Jakarta (Lampost.co) – Sutradara kondang Joko Anwar kembali menghadirkan karya fenomenal berjudul Ghost in the Cell. Film ini rencananya akan menyapa seluruh penonton bioskop Indonesia mulai 16 April 2026 mendatang. Selain itu, film ini merupakan proyek pembuka tahun bagi rumah produksi Come and See Pictures.
Poin Penting
- Film Ghost in the Cell tayang perdana di bioskop Indonesia pada 16 April 2026.
- Melakukan World Premiere di ajang Berlin International Film Festival (Berlinale) 2026.
- Dibintangi oleh aktor papan atas seperti Abimana Aryasatya hingga Lukman Sardi.
- Diakuisisi oleh Plaion Pictures untuk distribusi komersial di wilayah Jerman.
- Mengusung genre komedi-horor dengan latar belakang kehidupan di dalam penjara.
Sebelum tayang di tanah air, film ini akan tampil pada Berlin International Film Festival (Berlinale) 2026. Acara bergengsi tersebut berlangsung di Jerman pada 12 hingga 22 Februari 2026. Joko Anwar pun mengungkapkan antusiasme besarnya terhadap karya terbarunya ini.
Baca juga : Pensiun dari YouTube, Bobon Santoso Jual Kanal 17,7 Juta Subscriber Senilai Rp20 Miliar
“Kami sudah tidak sabar untuk menghadirkan film terbaru Come and See Pictures yang digarap secara matang bersama jajaran kru dan pemeran berkualitas Indonesia, Ghost in the Cell, yang akan tayang di bioskop Indonesia mulai 16 April 2026. Semoga penonton tetap sabar menunggu dan menyambut film kami dengan antusias,” ungkap Joko Anwar.
Kolaborasi Aktor Papan Atas dan Bakat Baru
Film bergenre komedi-horor ini menghadirkan deretan aktor ternama Indonesia secara sekaligus. Nama-nama besar seperti Abimana Aryasatya, Bront Palarae, dan Lukman Sardi mengisi daftar pemain utama. Selain mereka, aktor berbakat seperti Rio Dewanto dan Tora Sudiro juga ikut memperkuat cerita.
Tak hanya bintang senior, Joko Anwar turut memperkenalkan talenta baru bernama Magistus Miftah. Kehadiran para aktor berkualitas ini tentunya menjamin performa akting yang sangat memukau. Oleh karena itu, publik sangat menantikan chemistry antarpemain dalam balutan nuansa horor yang unik.
Ekspansi Global Lewat Distributor Internasional
Prestasi film Ghost in the Cell semakin bersinar melalui kerja sama dengan Plaion Pictures asal Jerman. Distributor besar ini secara resmi mengakuisisi hak tayang untuk wilayah negara berbahasa Jerman. Produser Tia Hasibuan merasa sangat bangga karena pencapaian internasional yang luar biasa ini.

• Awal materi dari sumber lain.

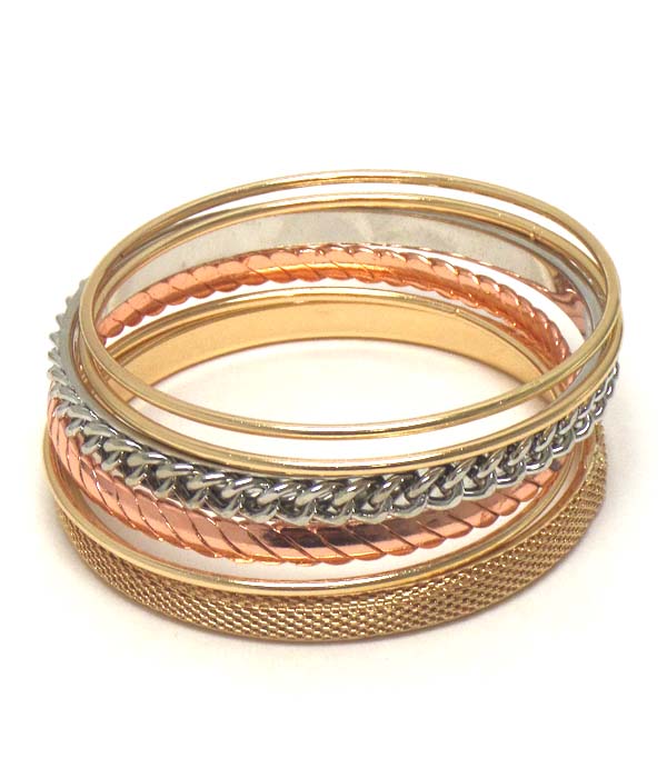 WHOLESALE MIXED CHAIN AND METAL BANGLE BRACELET SET OF 6 401030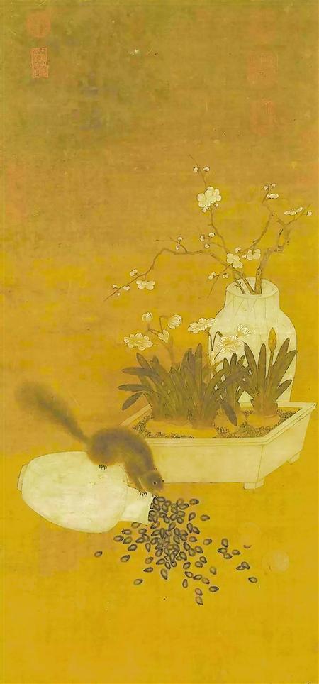 元代的《歲朝圖》中在瓶梅和水仙盆景前,描繪了一只偷堅(jiān)果的小松鼠,貯果的瓷瓶被打翻,瓜子灑了一地,旁邊還有兩顆打滾的核桃。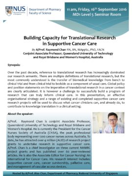 Building Capacity for Translational Research in Supportive Cancer Care by A/Prof. Raymond Chan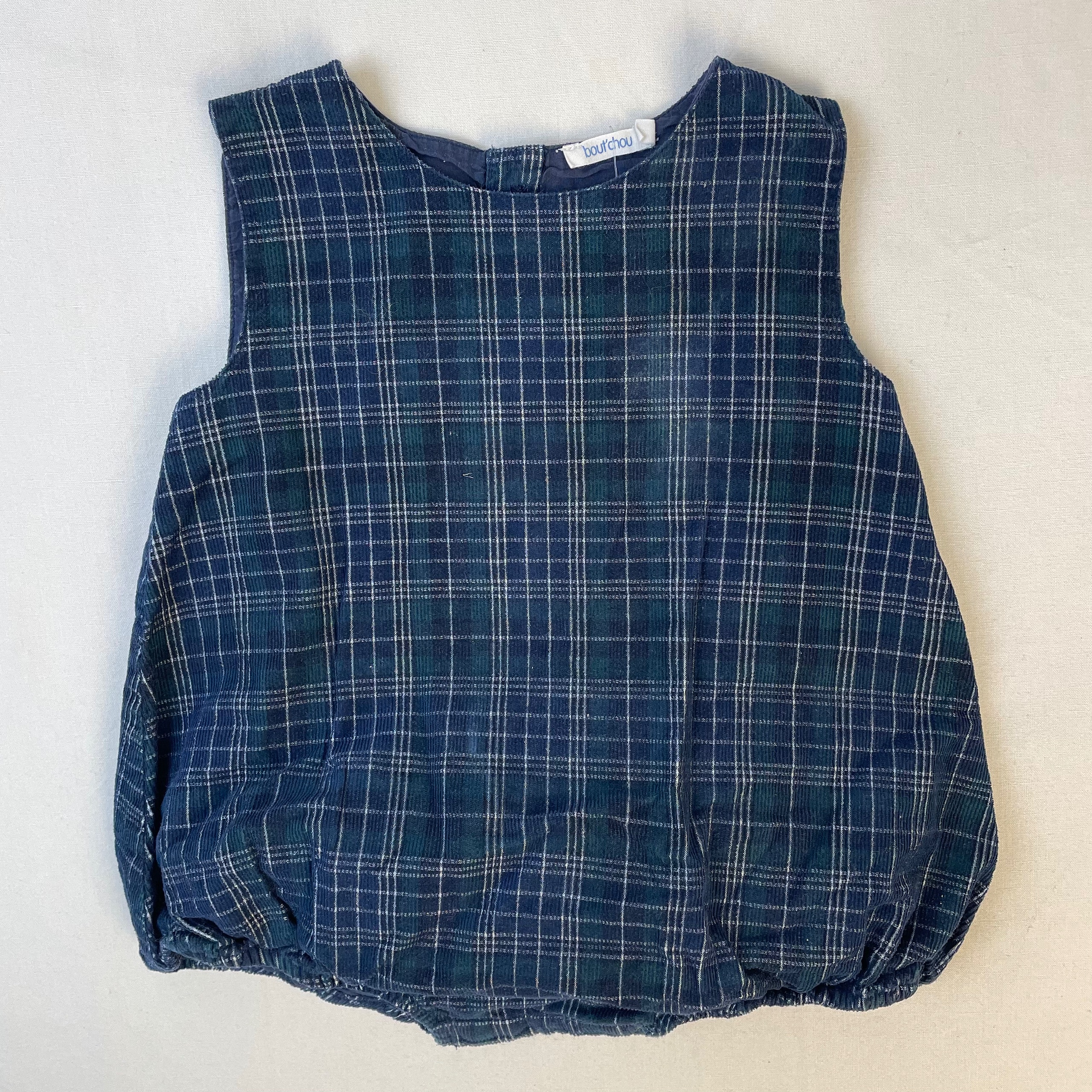 - Combicourt à carreaux sans manches, fermeture par boutons classiques au dos, bas élastiques.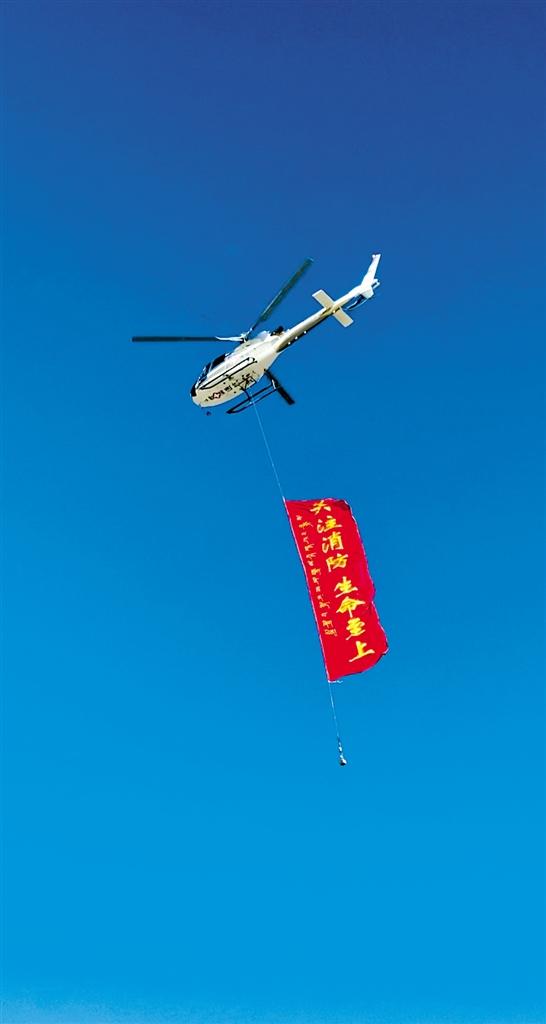 直升機攜帶”關(guan) 注消防 生命至上“的標語開展空中宣傳(chuan) 。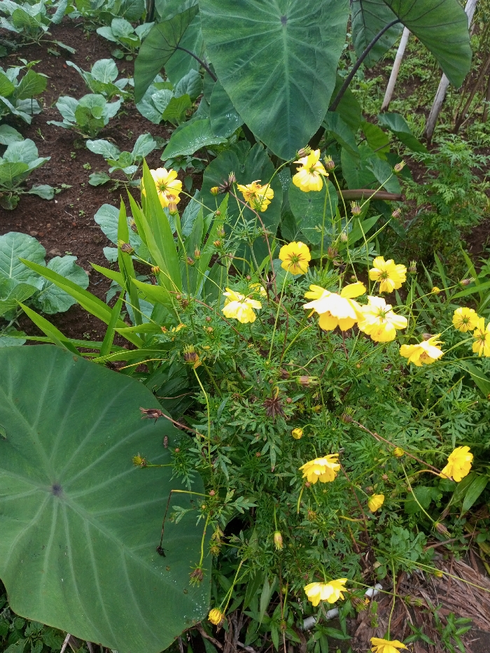 This image depicts a cultivated garden or field in Ingavali, India. The scene is dominated by various plant species under natural light. In the foreground and extending to the right, a dense cluster of yellow Cosmos sulphureus flowers is visible, characterized by numerous vibrant yellow blooms and buds on slender green stems with finely dissected foliage. Several petals show evidence of moisture. To the left, a large, dark green, heart-shaped leaf of a Taro plant (Colocasia esculenta) occupies the lower-left quadrant, displaying prominent veins and water droplets. Further to the left and in the midground, a row of young, light green leafy plants, consistent with cabbage or similar brassicas, grows in dark brown soil. Additional dark green foliage, including more Taro-like leaves, is present in the upper background, along with exposed dark soil. No people or animals are present.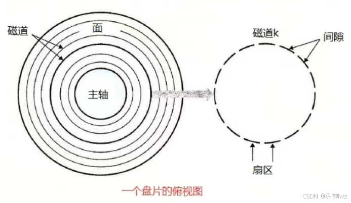 磁盘由盘片构成,每个盘片有两面,又称为盘面 。盘片中央有一个可以旋转的主轴,他使得盘片以固定的旋转速率旋转,通常是5400rpm或者是7200rpm,一个磁盘中包含了多个这样的盘片并封装在一个密封的容器内 。盘片的每个表面是由一组称为磁道同心圆组成的,每个磁道被划分为了一组扇区,每个扇区包含相等数量的数据位,通常是512个子节,扇区之间由一些间隙隔开,这些间隙中不存储数据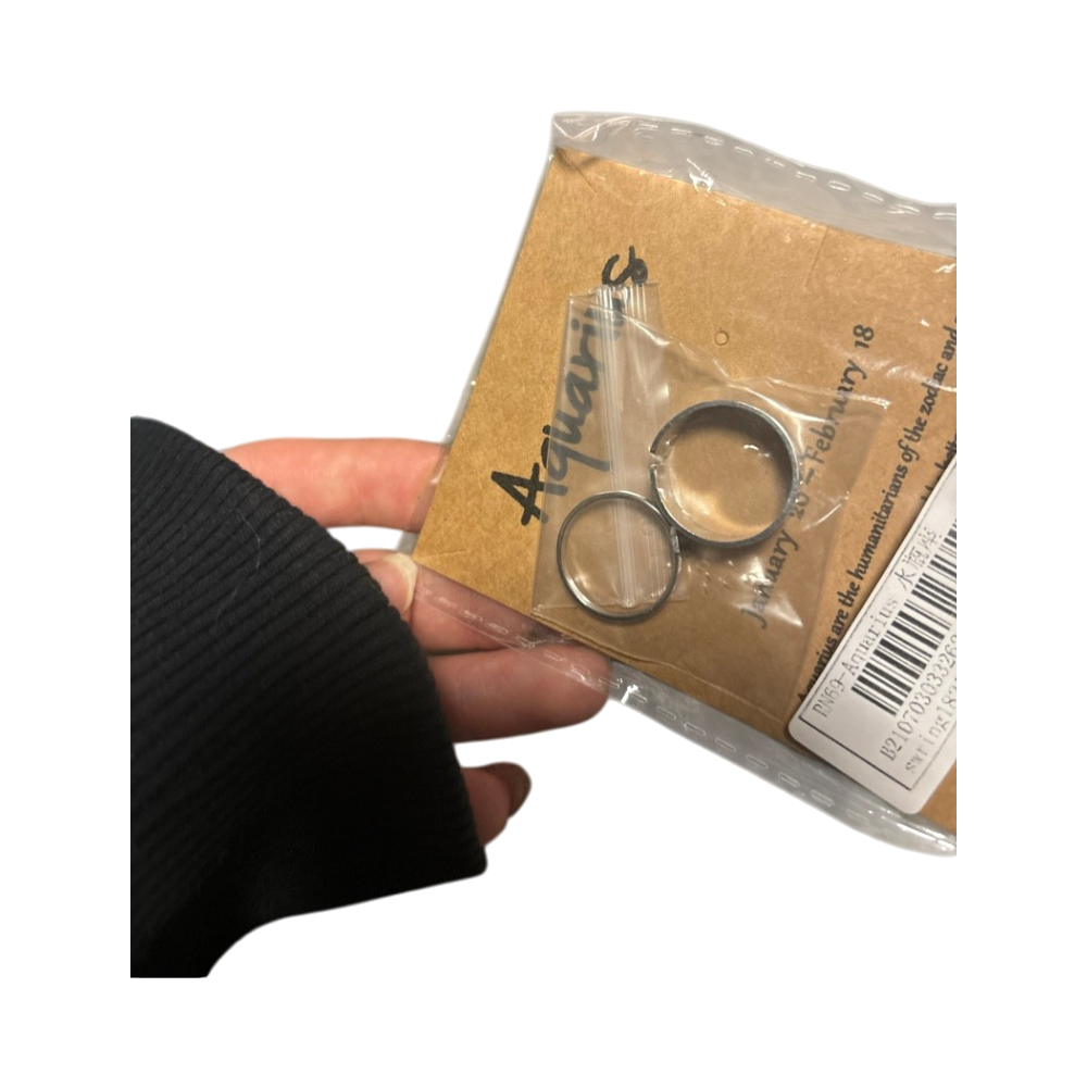 Kaksi yksinkertaista hopeanväristä metallisormusta, uusi pakattu. Vesimies sormuskset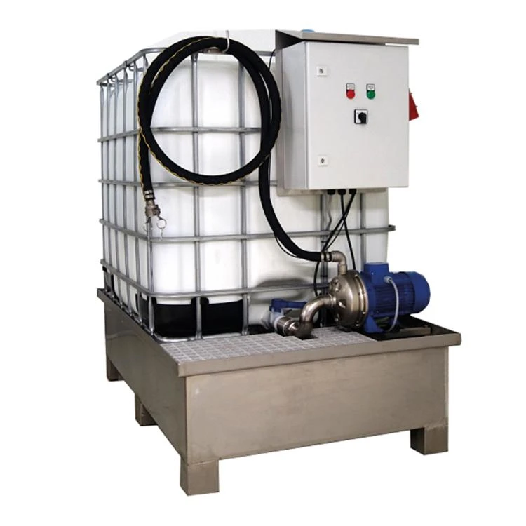 Het pompstation mobiel is onderdeel van een complete voertuig desinfectiepoort Premium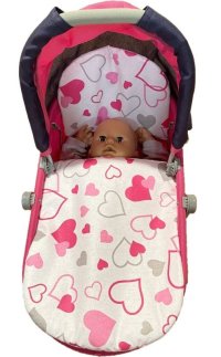 SDS Perinky do kočíka pre bábiky Srdiečka šedoružová Perinky do kočíka pre bábiky, vyrobené zo 100% Bavlny, výplň zo 100% Polyesteru je pevne všitá vo vnútri, možno prať na 30 ° C, ušité v SR možno objednať …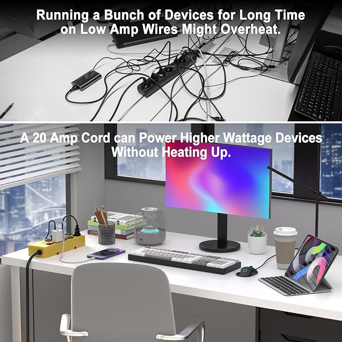 - Safety Features: With a built-in 4800J surge protector and a 20A circuit breaker, this power strip offers comprehensive protection against short circuits, overcurrent, overheating, and overvoltage. If the current surpasses 20A, the circuit breaker automatically shuts off power to prevent damage, and itβs easily reset by turning off the power and pressing the reset switch.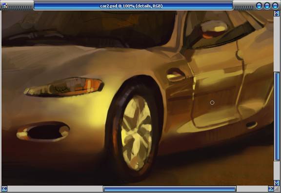 6. 再建一層作為細化使用,使用一個噴筆模式的軟筆刷,柔和局部的層次關系,重點表現金屬質感。利用 intuos 3 的輕柔運筆手勢,控制噴筆工具的作用強度。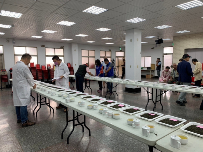隨後在2樓禮堂舉行初賽評選,超過150位競爭茶農參加評比,初賽結果入選60名參加決賽,下午即進入決賽評選,台灣高山茶茶王評選結果將於10月中旬公布,得獎茶葉將於11月份舉辦的第八屆媽祖文化論壇期間送至湄洲媽祖祖廟進行供奉展示。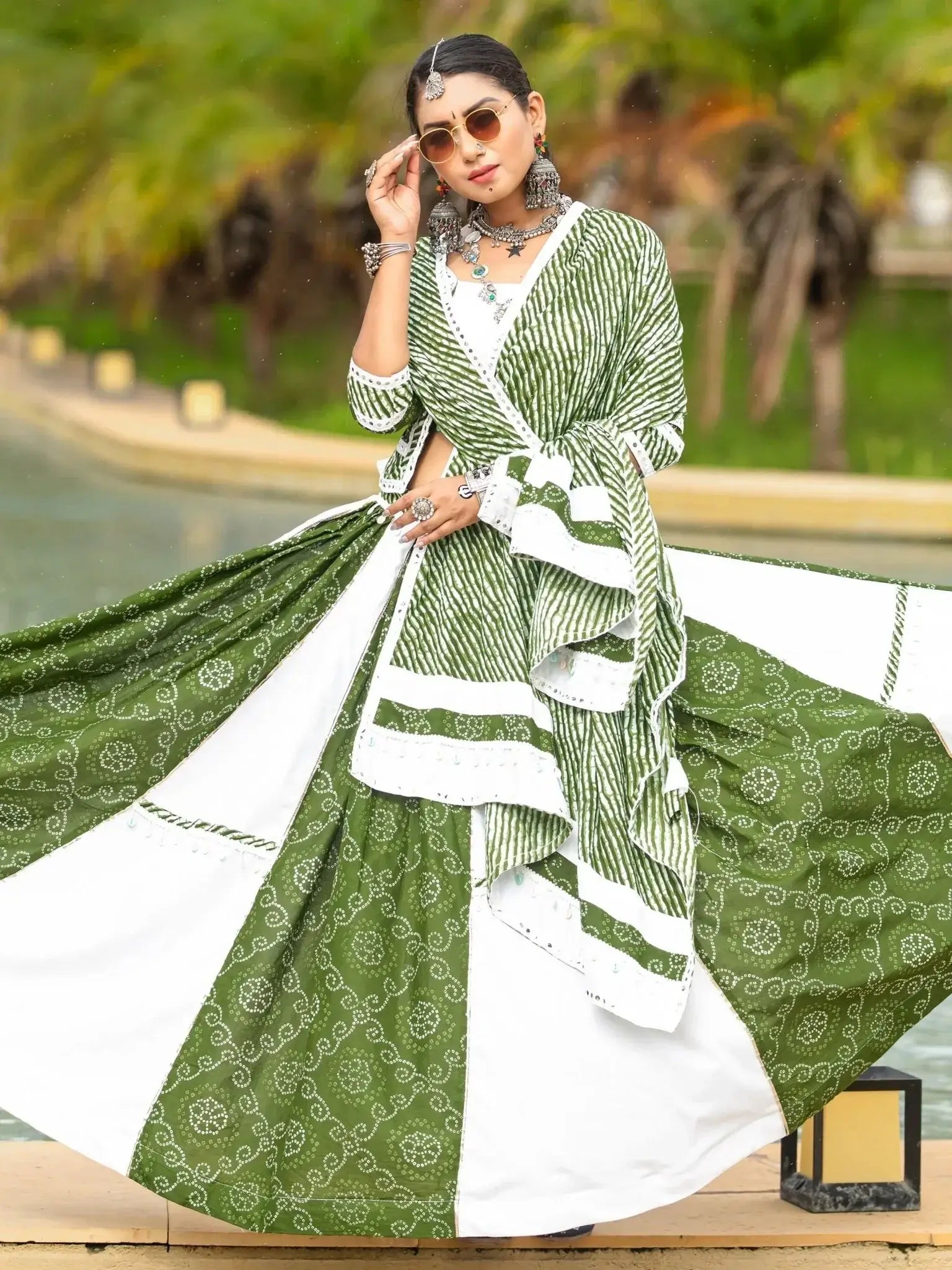 Embrace the festive spirit with this exquisite green and white navratri lehenga choli from ethnic plus. Designed with intricate kodi work, mirror embellishments, and delicate lace details, this lehenga combines traditional elegance with modern flair.

“Sebuah kebanggaan bagi kami tentu saja film kami diakuisisi oleh Plaion Pictures. Plaion Pictures selama ini dikenal dengan reputasi mereka yang sudah mendistribusikan film-film berkualitas pemenang penghargaan dari berbagai dunia. Semoga film kami juga mendapat sambutan positif dari penonton internasional,” jelas Tia Hasibuan.
Sinopsis Singkat dan Kritik Sosial
Ghost in the Cell mengambil latar cerita di sebuah penjara penuh kekerasan di Indonesia. Film ini memadukan unsur horor mencekam dengan kritik sosial yang sangat tajam. Melalui alur ceritanya, penonton akan melihat bagaimana sistem sering kali melindungi kekuasaan yang zalim.